* Aim of the task
Once the line containing "Incroyablement spacieuse, cette" is located, output it and every line after it through the end of the records, exactly as written and nothing else.
━━ Exercise data
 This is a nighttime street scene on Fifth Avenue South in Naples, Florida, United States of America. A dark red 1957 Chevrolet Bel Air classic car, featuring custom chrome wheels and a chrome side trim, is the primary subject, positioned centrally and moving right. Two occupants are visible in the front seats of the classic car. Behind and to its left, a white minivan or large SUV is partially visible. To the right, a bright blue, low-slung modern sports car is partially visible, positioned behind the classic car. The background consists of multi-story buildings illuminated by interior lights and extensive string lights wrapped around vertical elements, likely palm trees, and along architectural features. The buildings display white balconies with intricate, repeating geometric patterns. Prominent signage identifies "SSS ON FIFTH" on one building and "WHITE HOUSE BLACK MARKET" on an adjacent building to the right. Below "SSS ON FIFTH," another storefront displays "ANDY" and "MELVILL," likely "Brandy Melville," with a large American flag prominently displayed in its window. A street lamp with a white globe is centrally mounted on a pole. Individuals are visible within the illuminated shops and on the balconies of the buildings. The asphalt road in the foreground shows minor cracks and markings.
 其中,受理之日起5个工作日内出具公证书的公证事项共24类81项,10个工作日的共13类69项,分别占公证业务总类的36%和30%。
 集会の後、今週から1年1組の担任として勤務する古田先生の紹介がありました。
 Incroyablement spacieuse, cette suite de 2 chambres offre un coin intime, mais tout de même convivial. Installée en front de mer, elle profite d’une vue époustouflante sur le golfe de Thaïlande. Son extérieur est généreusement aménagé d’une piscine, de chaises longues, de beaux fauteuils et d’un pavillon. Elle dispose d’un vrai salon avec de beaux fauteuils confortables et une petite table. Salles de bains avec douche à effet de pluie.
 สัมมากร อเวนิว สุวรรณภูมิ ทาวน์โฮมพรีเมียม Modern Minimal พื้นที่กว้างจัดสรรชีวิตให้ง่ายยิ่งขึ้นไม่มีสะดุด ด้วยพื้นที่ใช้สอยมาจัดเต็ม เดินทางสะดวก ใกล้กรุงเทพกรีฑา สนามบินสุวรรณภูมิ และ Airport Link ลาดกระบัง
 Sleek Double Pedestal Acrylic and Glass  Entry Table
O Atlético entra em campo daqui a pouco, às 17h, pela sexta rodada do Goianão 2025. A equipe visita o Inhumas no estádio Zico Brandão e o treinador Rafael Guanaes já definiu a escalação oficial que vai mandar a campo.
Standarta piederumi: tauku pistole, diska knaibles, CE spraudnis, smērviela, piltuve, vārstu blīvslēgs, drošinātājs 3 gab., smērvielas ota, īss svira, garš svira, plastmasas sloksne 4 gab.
━━━━
* Answer to the problem
 Incroyablement spacieuse, cette suite de 2 chambres offre un coin intime, mais tout de même convivial. Installée en front de mer, elle profite d’une vue époustouflante sur le golfe de Thaïlande. Son extérieur est généreusement aménagé d’une piscine, de chaises longues, de beaux fauteuils et d’un pavillon. Elle dispose d’un vrai salon avec de beaux fauteuils confortables et une petite table. Salles de bains avec douche à effet de pluie.
 สัมมากร อเวนิว สุวรรณภูมิ ทาวน์โฮมพรีเมียม Modern Minimal พื้นที่กว้างจัดสรรชีวิตให้ง่ายยิ่งขึ้นไม่มีสะดุด ด้วยพื้นที่ใช้สอยมาจัดเต็ม เดินทางสะดวก ใกล้กรุงเทพกรีฑา สนามบินสุวรรณภูมิ และ Airport Link ลาดกระบัง
 Sleek Double Pedestal Acrylic and Glass  Entry Table
O Atlético entra em campo daqui a pouco, às 17h, pela sexta rodada do Goianão 2025. A equipe visita o Inhumas no estádio Zico Brandão e o treinador Rafael Guanaes já definiu a escalação oficial que vai mandar a campo.
Standarta piederumi: tauku pistole, diska knaibles, CE spraudnis, smērviela, piltuve, vārstu blīvslēgs, drošinātājs 3 gab., smērvielas ota, īss svira, garš svira, plastmasas sloksne 4 gab.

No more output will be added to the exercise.